The dict type is not only widely used in our programs but also a fundamental part of the Python implementation. Module namespaces, class and instance attributes, and function keyword arguemnts are some fundamental constructs where dictionaries are deployed. The built-in functions lives in `__builtins__.__dict__`

**Hash tabels are the engines behind Python's high-performance dicts.**

## Generic Mapping Types

The `collections.abc` module provides the Mapping and MutableMapping in ABCs to formalize the interfaces of dict and similary types.

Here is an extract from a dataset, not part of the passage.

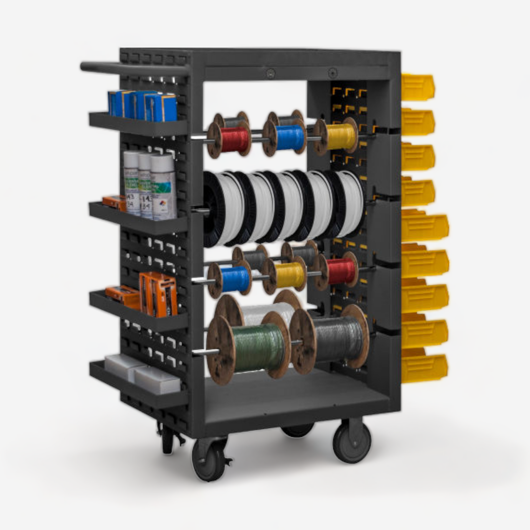 (8) 23" removable rods accommodate wire spools

![](http://processon.com/chart_image/5dd3ba7fe4b001c03aed4d7f.png)

All mapping types in the standard library use the basic dict in their implementationo, so they share the limitation that the keys must be hashable.

**What is Hashable?**

Here is part of definition of hashable:

    An object is hashable if it has a hash value which never change during its lifetime(it needs a `__hash__` method), and can be compared to other objects (it needs an `__eq__` method). Hashable objects which compare equal must have the same hash value.

The atomic immutable types(str, bytes, numeric types) are all hashable. A fronzenset is always hashable, because its elements must be hashable by definition. A tuple is hashable only if all its items are hashable.

In [3]:
tt = (1, 2, (30, 40))
hash(tt)

8027212646858338501

In [4]:
tl = (1, 2, [30, 40])
hash(tl)

TypeError: unhashable type: 'list'

In [5]:
tf = (1, 2, frozenset([30, 40]))
hash(tf)

985328935373711578

User-defined types are hashable by default because their hash value is their id() and they all compare not equal. If an oject implements a custom `__eq__` that takes into account its internal state, it may be hashable only if all its attributes are immutable.

## dict Comprehensions

Since Python 2.7, the syntax of listcomps and genexps was applied to dict comprehension. A dictcomp builds a dict instance by providing `key:value` pair from any iterable.

In [3]:
{ char:num for char,num in zip(list('ABCD'), range(4))}

{'A': 0, 'B': 1, 'C': 2, 'D': 3}

## Overview of Common Mapping Methods

The basic API for mappings is quite rich. Two of most useful variations: `defaultdict` and `OrderedDict`, both defined in the `collections` module.

### Handling Missing Keys with setdefault

In [8]:
my_dict = {}

if 'key' not in my_dict:
    my_dict['key'] = []
my_dict['key'].append('value')

replace with:

In [6]:
my_dict = {}
my_dict.setdefault('key', []).append('value')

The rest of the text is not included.